Work to complete » Only the lines of the data below from the one with "BUY NOW and" through the one with "白いペチュニアとジュズサンゴの花その他諸々です。白く爽やかにしたくて。" are wanted. Repeat them exactly.

Task material »
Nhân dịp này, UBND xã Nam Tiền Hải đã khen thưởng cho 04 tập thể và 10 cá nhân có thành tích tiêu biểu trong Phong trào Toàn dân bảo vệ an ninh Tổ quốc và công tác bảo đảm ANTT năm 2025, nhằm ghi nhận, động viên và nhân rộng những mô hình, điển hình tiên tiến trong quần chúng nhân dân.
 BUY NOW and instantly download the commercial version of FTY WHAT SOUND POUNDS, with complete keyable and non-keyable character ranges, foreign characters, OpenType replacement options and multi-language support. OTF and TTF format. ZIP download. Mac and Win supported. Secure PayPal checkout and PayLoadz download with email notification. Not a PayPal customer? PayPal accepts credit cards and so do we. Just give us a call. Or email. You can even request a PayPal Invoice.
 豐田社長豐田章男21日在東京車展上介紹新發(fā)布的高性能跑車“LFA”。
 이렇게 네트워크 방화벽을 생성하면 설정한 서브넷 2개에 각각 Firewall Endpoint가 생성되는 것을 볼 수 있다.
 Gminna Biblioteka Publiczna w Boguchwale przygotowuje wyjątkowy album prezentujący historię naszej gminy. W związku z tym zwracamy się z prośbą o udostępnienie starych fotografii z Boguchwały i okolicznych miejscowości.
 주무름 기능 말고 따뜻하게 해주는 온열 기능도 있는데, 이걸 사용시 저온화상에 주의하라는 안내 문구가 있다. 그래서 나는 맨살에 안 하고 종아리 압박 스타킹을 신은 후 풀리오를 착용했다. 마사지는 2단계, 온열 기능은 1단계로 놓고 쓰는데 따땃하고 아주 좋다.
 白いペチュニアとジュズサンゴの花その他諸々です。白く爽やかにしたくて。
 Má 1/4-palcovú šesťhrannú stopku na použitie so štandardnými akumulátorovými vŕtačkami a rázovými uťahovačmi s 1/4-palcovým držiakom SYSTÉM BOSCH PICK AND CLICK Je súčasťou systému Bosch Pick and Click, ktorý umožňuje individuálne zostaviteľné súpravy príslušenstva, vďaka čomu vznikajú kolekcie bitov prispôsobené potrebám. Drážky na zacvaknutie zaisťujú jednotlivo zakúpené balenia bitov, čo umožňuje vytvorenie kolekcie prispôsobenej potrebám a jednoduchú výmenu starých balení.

Answer for the task »
 BUY NOW and instantly download the commercial version of FTY WHAT SOUND POUNDS, with complete keyable and non-keyable character ranges, foreign characters, OpenType replacement options and multi-language support. OTF and TTF format. ZIP download. Mac and Win supported. Secure PayPal checkout and PayLoadz download with email notification. Not a PayPal customer? PayPal accepts credit cards and so do we. Just give us a call. Or email. You can even request a PayPal Invoice.
 豐田社長豐田章男21日在東京車展上介紹新發(fā)布的高性能跑車“LFA”。
 이렇게 네트워크 방화벽을 생성하면 설정한 서브넷 2개에 각각 Firewall Endpoint가 생성되는 것을 볼 수 있다.
 Gminna Biblioteka Publiczna w Boguchwale przygotowuje wyjątkowy album prezentujący historię naszej gminy. W związku z tym zwracamy się z prośbą o udostępnienie starych fotografii z Boguchwały i okolicznych miejscowości.
 주무름 기능 말고 따뜻하게 해주는 온열 기능도 있는데, 이걸 사용시 저온화상에 주의하라는 안내 문구가 있다. 그래서 나는 맨살에 안 하고 종아리 압박 스타킹을 신은 후 풀리오를 착용했다. 마사지는 2단계, 온열 기능은 1단계로 놓고 쓰는데 따땃하고 아주 좋다.
 白いペチュニアとジュズサンゴの花その他諸々です。白く爽やかにしたくて。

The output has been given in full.